Sunday, April 20, 2008

Inflation Hits Close to Home


By Sujata Khandelwal
Central New York-With the economic slowdown leaving few untouched and the United States wrestling with the worst food inflation in seventeen years, low-income residents of central New York are making some tough choices just to put food on the table.

“Taking it one day at a time.”
Single mom, Deborah Wrightson, never thought she would have to make a decision between eating or heating her two-bedroom home. “I have to turn the heat off and my son says ‘Mom, I’m cold,’ and I say I know honey, but it’s expensive,” said Wrightson. Wrightson and her son Anthony are among hundreds of central New Yorkers trying to survive a struggling economy.
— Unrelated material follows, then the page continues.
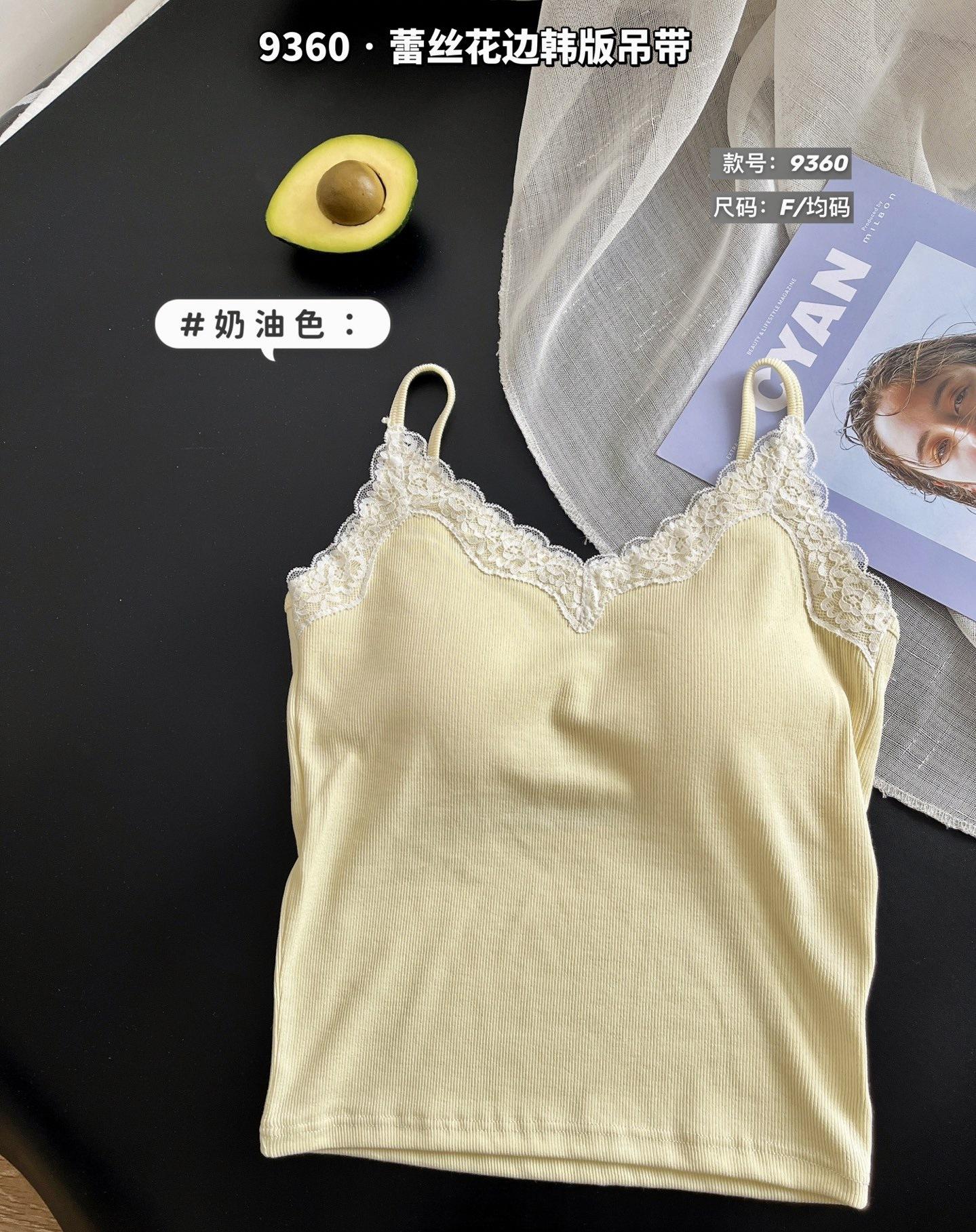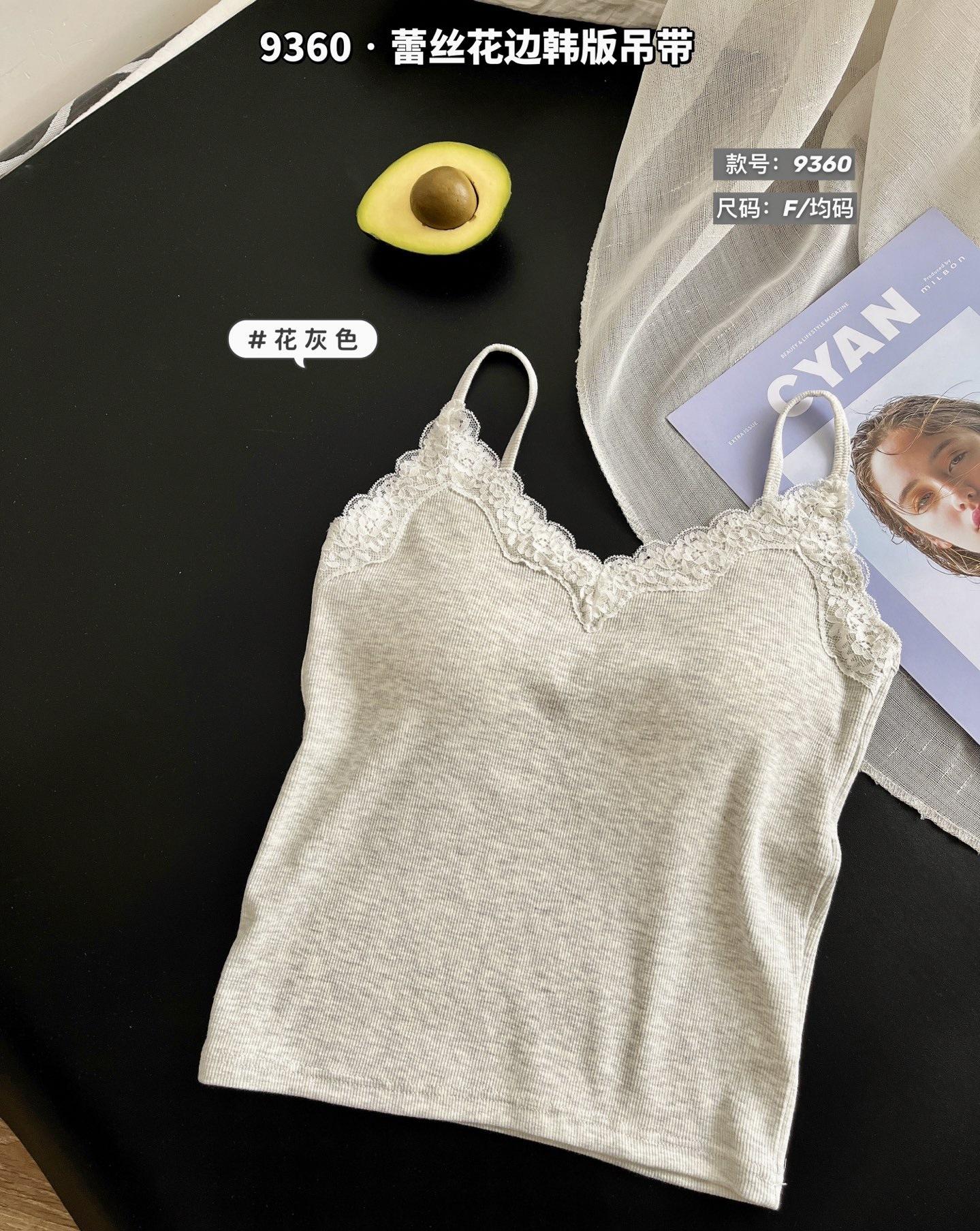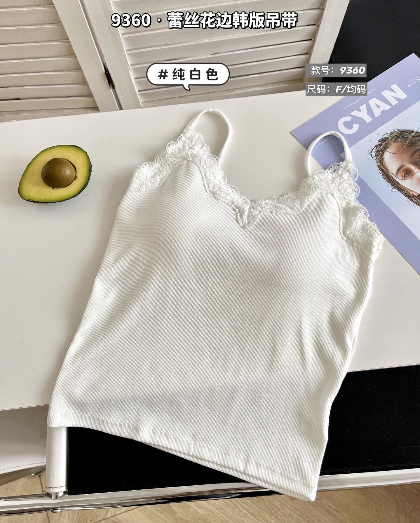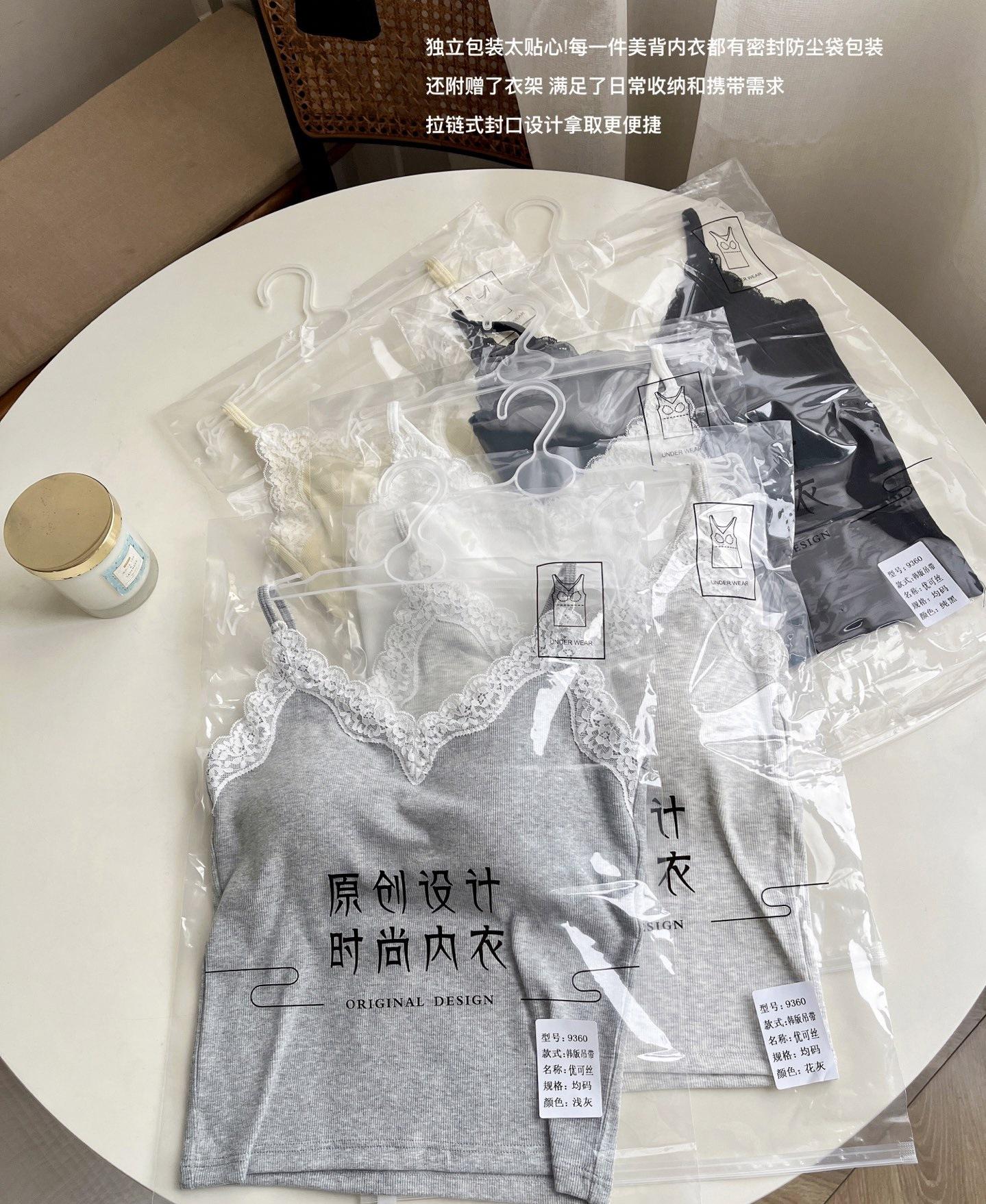 Chaleco de Espalda Hermosa Estilo Coreano de Una Copa con Encaje a Juego de Color Sexy Versátil Transpirable Tirantes Espagueti Algodón Tirantes para Mujer 9360

According to a recent article on MSNBC, overall food prices this year have soared 5 percent as compared with the average 2.5 percent annual rise for the last fifteen years.

Local Organizations
For central New York families, who cannot continue to absorb the rising cost of groceries, there are several organizations lending a helping hand. The Food Bank of Central New York sponsors a food pantry everyday at various locations in the region. Pastor Claire Pietra of Valley Worship Church organizes a food pantry at least once a week. She notices many more people coming to the pantries. “More people are using food pantries as supplemental foods rather than emergency food. Much more people are in a crisis all the time,” she said. The Samaritan Center in downtown Syracuse prepares hot meals everyday, and it, too, is serving many more people than usual.

Feeling the Pinch
Many residents in Syracuse are finding it difficult to even afford simple basic items. Eveanne Davis recently visited a food pantry for the first time. “I stopped buying the eggs, and I don’t buy the milk, and I only buy things I have to buy, the necessities,” she said. Jalica Housely is a widow living on social security. She cannot recall a more difficult time. “This is the hardest for me. It’s very hard for me right now. Like, I said, I manage though,” she said.

Although many in Syracuse continue to struggle, and perhaps wouldn’t survive without food pantries and the good will of volunteer agencies, it’s the help from above that get them through one day at a time.